> Exercise brief: The records that follow are to be given again exactly.

Dataset records
· · · · ·

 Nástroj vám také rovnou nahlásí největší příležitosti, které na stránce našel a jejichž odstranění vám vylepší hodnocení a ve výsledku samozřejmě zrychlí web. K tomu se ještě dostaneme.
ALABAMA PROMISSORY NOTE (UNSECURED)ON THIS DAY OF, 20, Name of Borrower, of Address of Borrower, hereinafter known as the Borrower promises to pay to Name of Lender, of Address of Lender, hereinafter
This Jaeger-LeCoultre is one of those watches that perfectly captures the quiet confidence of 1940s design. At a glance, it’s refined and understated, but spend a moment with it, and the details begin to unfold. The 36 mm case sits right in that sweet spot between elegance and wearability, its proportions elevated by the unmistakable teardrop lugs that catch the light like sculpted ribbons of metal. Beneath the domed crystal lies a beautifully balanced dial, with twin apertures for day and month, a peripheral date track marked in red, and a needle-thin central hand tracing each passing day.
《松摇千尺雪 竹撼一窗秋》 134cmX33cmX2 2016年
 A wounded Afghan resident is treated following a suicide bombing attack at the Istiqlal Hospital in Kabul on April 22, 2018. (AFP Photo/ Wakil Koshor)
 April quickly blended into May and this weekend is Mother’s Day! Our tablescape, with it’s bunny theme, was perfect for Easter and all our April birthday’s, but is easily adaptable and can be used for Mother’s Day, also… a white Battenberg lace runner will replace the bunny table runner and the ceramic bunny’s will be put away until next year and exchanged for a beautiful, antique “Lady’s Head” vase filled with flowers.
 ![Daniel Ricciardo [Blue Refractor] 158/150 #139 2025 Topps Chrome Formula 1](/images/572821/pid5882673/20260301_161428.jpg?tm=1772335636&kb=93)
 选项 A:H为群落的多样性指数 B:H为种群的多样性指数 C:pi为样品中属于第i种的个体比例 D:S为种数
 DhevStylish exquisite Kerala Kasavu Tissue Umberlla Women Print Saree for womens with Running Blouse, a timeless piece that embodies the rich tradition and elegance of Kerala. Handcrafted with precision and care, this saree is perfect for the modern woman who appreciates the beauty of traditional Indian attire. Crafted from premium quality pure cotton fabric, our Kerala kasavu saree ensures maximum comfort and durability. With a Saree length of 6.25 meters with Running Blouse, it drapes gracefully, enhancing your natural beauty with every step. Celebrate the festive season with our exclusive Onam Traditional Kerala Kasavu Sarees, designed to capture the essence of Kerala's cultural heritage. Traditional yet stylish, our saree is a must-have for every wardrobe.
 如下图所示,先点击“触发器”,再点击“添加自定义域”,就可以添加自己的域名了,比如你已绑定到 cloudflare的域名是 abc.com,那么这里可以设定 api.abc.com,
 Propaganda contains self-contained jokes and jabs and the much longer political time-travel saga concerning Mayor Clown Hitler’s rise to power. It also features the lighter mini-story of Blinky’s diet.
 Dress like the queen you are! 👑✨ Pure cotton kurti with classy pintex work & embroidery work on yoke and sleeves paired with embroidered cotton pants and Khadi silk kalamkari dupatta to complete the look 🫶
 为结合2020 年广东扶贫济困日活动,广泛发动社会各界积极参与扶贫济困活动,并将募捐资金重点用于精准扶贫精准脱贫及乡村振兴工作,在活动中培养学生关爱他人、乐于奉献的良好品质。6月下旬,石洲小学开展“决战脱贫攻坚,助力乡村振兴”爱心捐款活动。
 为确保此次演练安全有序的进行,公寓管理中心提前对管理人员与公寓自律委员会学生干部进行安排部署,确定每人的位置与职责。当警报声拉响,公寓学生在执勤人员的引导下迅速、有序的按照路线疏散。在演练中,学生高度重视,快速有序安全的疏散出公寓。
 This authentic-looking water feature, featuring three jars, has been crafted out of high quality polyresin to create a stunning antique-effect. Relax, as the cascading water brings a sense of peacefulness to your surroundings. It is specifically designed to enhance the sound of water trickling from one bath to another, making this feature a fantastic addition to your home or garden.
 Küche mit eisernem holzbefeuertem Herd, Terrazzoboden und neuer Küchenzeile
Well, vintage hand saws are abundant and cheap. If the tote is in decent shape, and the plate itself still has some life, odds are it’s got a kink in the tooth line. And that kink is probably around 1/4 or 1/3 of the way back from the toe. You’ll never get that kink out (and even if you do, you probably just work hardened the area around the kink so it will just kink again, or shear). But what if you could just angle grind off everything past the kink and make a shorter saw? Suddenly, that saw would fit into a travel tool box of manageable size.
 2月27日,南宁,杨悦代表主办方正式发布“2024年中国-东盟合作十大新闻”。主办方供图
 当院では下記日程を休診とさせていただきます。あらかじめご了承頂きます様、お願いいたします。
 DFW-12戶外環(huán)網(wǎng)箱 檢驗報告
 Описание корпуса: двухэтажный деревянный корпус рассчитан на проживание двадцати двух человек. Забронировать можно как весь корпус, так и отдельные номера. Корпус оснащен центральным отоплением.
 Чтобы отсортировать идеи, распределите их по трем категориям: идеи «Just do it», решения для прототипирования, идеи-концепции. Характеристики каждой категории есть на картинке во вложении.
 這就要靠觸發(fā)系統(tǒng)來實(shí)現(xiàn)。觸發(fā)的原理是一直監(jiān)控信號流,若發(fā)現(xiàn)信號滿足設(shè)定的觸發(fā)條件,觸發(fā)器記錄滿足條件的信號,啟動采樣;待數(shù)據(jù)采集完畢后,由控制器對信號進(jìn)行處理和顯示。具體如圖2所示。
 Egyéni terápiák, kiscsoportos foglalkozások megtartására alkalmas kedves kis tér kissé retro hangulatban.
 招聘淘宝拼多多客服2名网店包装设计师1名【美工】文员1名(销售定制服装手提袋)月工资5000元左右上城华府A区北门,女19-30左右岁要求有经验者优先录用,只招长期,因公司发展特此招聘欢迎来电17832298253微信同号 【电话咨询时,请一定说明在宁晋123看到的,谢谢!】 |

· · · · ·

> Result:
 Nástroj vám také rovnou nahlásí největší příležitosti, které na stránce našel a jejichž odstranění vám vylepší hodnocení a ve výsledku samozřejmě zrychlí web. K tomu se ještě dostaneme.
ALABAMA PROMISSORY NOTE (UNSECURED)ON THIS DAY OF, 20, Name of Borrower, of Address of Borrower, hereinafter known as the Borrower promises to pay to Name of Lender, of Address of Lender, hereinafter
This Jaeger-LeCoultre is one of those watches that perfectly captures the quiet confidence of 1940s design. At a glance, it’s refined and understated, but spend a moment with it, and the details begin to unfold. The 36 mm case sits right in that sweet spot between elegance and wearability, its proportions elevated by the unmistakable teardrop lugs that catch the light like sculpted ribbons of metal. Beneath the domed crystal lies a beautifully balanced dial, with twin apertures for day and month, a peripheral date track marked in red, and a needle-thin central hand tracing each passing day.
《松摇千尺雪 竹撼一窗秋》 134cmX33cmX2 2016年
 A wounded Afghan resident is treated following a suicide bombing attack at the Istiqlal Hospital in Kabul on April 22, 2018. (AFP Photo/ Wakil Koshor)
 April quickly blended into May and this weekend is Mother’s Day! Our tablescape, with it’s bunny theme, was perfect for Easter and all our April birthday’s, but is easily adaptable and can be used for Mother’s Day, also… a white Battenberg lace runner will replace the bunny table runner and the ceramic bunny’s will be put away until next year and exchanged for a beautiful, antique “Lady’s Head” vase filled with flowers.
 ![Daniel Ricciardo [Blue Refractor] 158/150 #139 2025 Topps Chrome Formula 1](/images/572821/pid5882673/20260301_161428.jpg?tm=1772335636&kb=93)
 选项 A:H为群落的多样性指数 B:H为种群的多样性指数 C:pi为样品中属于第i种的个体比例 D:S为种数
 DhevStylish exquisite Kerala Kasavu Tissue Umberlla Women Print Saree for womens with Running Blouse, a timeless piece that embodies the rich tradition and elegance of Kerala. Handcrafted with precision and care, this saree is perfect for the modern woman who appreciates the beauty of traditional Indian attire. Crafted from premium quality pure cotton fabric, our Kerala kasavu saree ensures maximum comfort and durability. With a Saree length of 6.25 meters with Running Blouse, it drapes gracefully, enhancing your natural beauty with every step. Celebrate the festive season with our exclusive Onam Traditional Kerala Kasavu Sarees, designed to capture the essence of Kerala's cultural heritage. Traditional yet stylish, our saree is a must-have for every wardrobe.
 如下图所示,先点击“触发器”,再点击“添加自定义域”,就可以添加自己的域名了,比如你已绑定到 cloudflare的域名是 abc.com,那么这里可以设定 api.abc.com,
 Propaganda contains self-contained jokes and jabs and the much longer political time-travel saga concerning Mayor Clown Hitler’s rise to power. It also features the lighter mini-story of Blinky’s diet.
 Dress like the queen you are! 👑✨ Pure cotton kurti with classy pintex work & embroidery work on yoke and sleeves paired with embroidered cotton pants and Khadi silk kalamkari dupatta to complete the look 🫶
 为结合2020 年广东扶贫济困日活动,广泛发动社会各界积极参与扶贫济困活动,并将募捐资金重点用于精准扶贫精准脱贫及乡村振兴工作,在活动中培养学生关爱他人、乐于奉献的良好品质。6月下旬,石洲小学开展“决战脱贫攻坚,助力乡村振兴”爱心捐款活动。
 为确保此次演练安全有序的进行,公寓管理中心提前对管理人员与公寓自律委员会学生干部进行安排部署,确定每人的位置与职责。当警报声拉响,公寓学生在执勤人员的引导下迅速、有序的按照路线疏散。在演练中,学生高度重视,快速有序安全的疏散出公寓。
 This authentic-looking water feature, featuring three jars, has been crafted out of high quality polyresin to create a stunning antique-effect. Relax, as the cascading water brings a sense of peacefulness to your surroundings. It is specifically designed to enhance the sound of water trickling from one bath to another, making this feature a fantastic addition to your home or garden.
 Küche mit eisernem holzbefeuertem Herd, Terrazzoboden und neuer Küchenzeile
Well, vintage hand saws are abundant and cheap. If the tote is in decent shape, and the plate itself still has some life, odds are it’s got a kink in the tooth line. And that kink is probably around 1/4 or 1/3 of the way back from the toe. You’ll never get that kink out (and even if you do, you probably just work hardened the area around the kink so it will just kink again, or shear). But what if you could just angle grind off everything past the kink and make a shorter saw? Suddenly, that saw would fit into a travel tool box of manageable size.
 2月27日,南宁,杨悦代表主办方正式发布“2024年中国-东盟合作十大新闻”。主办方供图
 当院では下記日程を休診とさせていただきます。あらかじめご了承頂きます様、お願いいたします。
 DFW-12戶外環(huán)網(wǎng)箱 檢驗報告
 Описание корпуса: двухэтажный деревянный корпус рассчитан на проживание двадцати двух человек. Забронировать можно как весь корпус, так и отдельные номера. Корпус оснащен центральным отоплением.
 Чтобы отсортировать идеи, распределите их по трем категориям: идеи «Just do it», решения для прототипирования, идеи-концепции. Характеристики каждой категории есть на картинке во вложении.
 這就要靠觸發(fā)系統(tǒng)來實(shí)現(xiàn)。觸發(fā)的原理是一直監(jiān)控信號流,若發(fā)現(xiàn)信號滿足設(shè)定的觸發(fā)條件,觸發(fā)器記錄滿足條件的信號,啟動采樣;待數(shù)據(jù)采集完畢后,由控制器對信號進(jìn)行處理和顯示。具體如圖2所示。
 Egyéni terápiák, kiscsoportos foglalkozások megtartására alkalmas kedves kis tér kissé retro hangulatban.
 招聘淘宝拼多多客服2名网店包装设计师1名【美工】文员1名(销售定制服装手提袋)月工资5000元左右上城华府A区北门,女19-30左右岁要求有经验者优先录用,只招长期,因公司发展特此招聘欢迎来电17832298253微信同号 【电话咨询时,请一定说明在宁晋123看到的,谢谢!】 |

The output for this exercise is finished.